The image data is returned from the canvas as an enormous Uint8ClampedArray, with four points of data for each pixel. It looks like this:
We can now determine where a pixel with those RGB values would fall in our neutral lookup table like so:
Where r, g, and b are the RGB values of the pixel you’re looking at in the original image.
We get the x coordinate by first finding which square it’s in (r % 16)
, multiplying by 256 since there are 256 pixels in each square, then adding the original image’s blue value. To get the y coordinate, we get the row with Math.floor(r / 16)

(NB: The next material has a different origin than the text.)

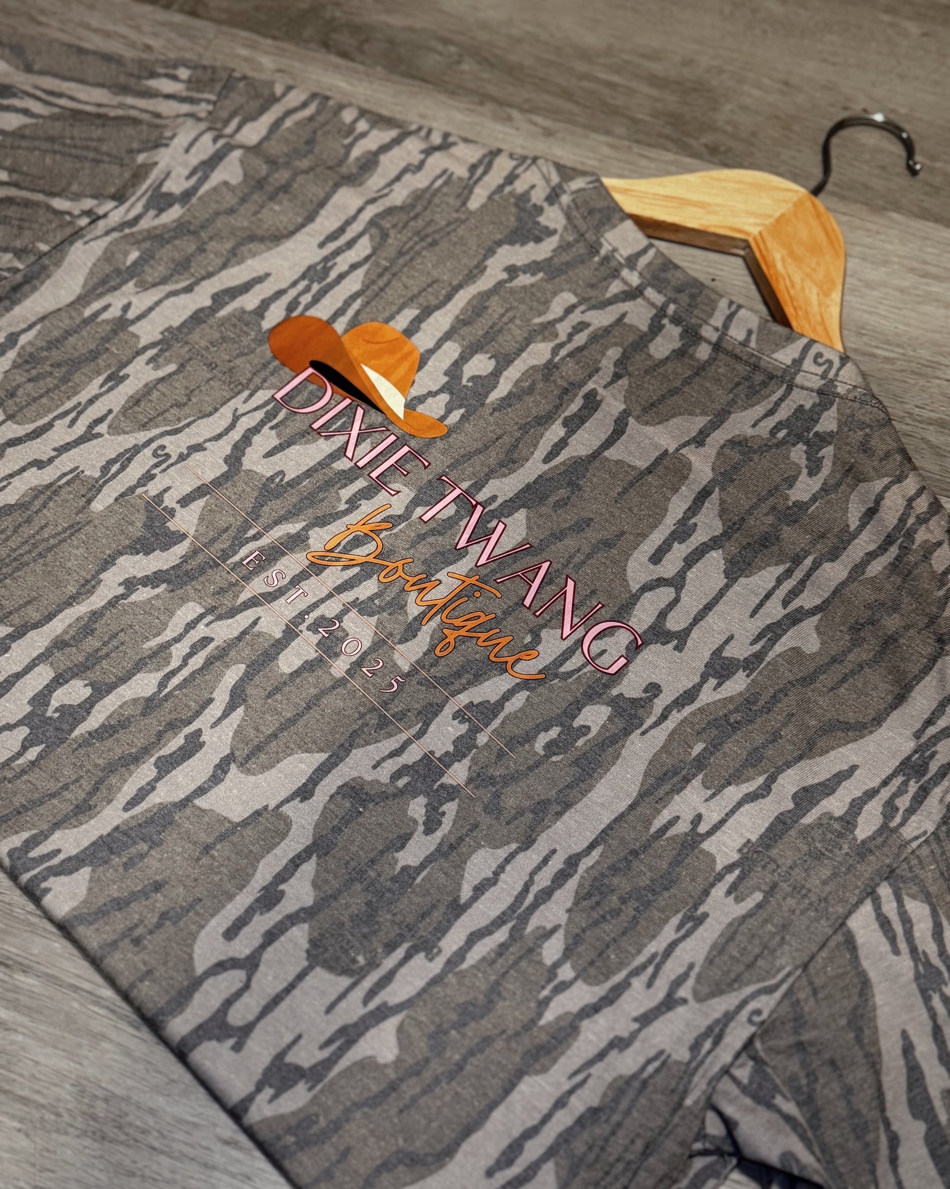 Show off your southern style with our exclusive Dixie Twang Boutique x Mossy Oak Tee, designed with that perfect mix of country charm and cozy comfort! Featuring the Bottomland Camo pattern and our signature logo, this one’s made for all the twang-lovin’ trendsetters.

, then follow the same math from the x coordinate. The index is finally calculated by multiplying the y coordinate by 4,096 (the width of the table, i.e., the number of pixels/row), adding the x coordinate, and multiplying the result by 4 to account for the fact that, while we only have ~16 million pixels in our table, we have four channels of data for each pixel.
This is now our reference point for every color in the original image. Now we just need the new color at that point after applying a filter.
Here’s how this approach allowed us to make sure our design team could work completely in their own tool and hand off something we could use. They’d create the desired effect with adjustment layers and then provide us with the original image, the manipulated image that we needed to match, and the adjustment settings they applied.
By working from actual images, all we have to do is take our neutral lookup table, open it in the same image editing software, and apply the exact same adjustment layers we got from the design team.
From here, it’s as simple as finding the pixel in this table at the index we found previously, getting its RGB values, and writing the RGB values back to the original image data. That data is then put into the canvas in the Image Editor. Here’s the same image with the Bright & Crisp filter applied next to the reference image from the design team:
It’s identical to the image created in the designers’ image-editing tool.
What’s Next
We’ve set ourselves up so that all we need to do to add a completely new filter is add a lookup table to the module, update a few enums that drive the UI, build and publish. We also found that this solution can help with other parts of the Image Editor where all that’s needed is a one-to-one color replacement. For example, our contrast slider is now driven by two lookup tables on either end that give a design-curated result, whereas before we had to rely on Fabric’s less finessed option. We’re excited to continue improving our Image Editor, using lookup tables as another tool in our belt.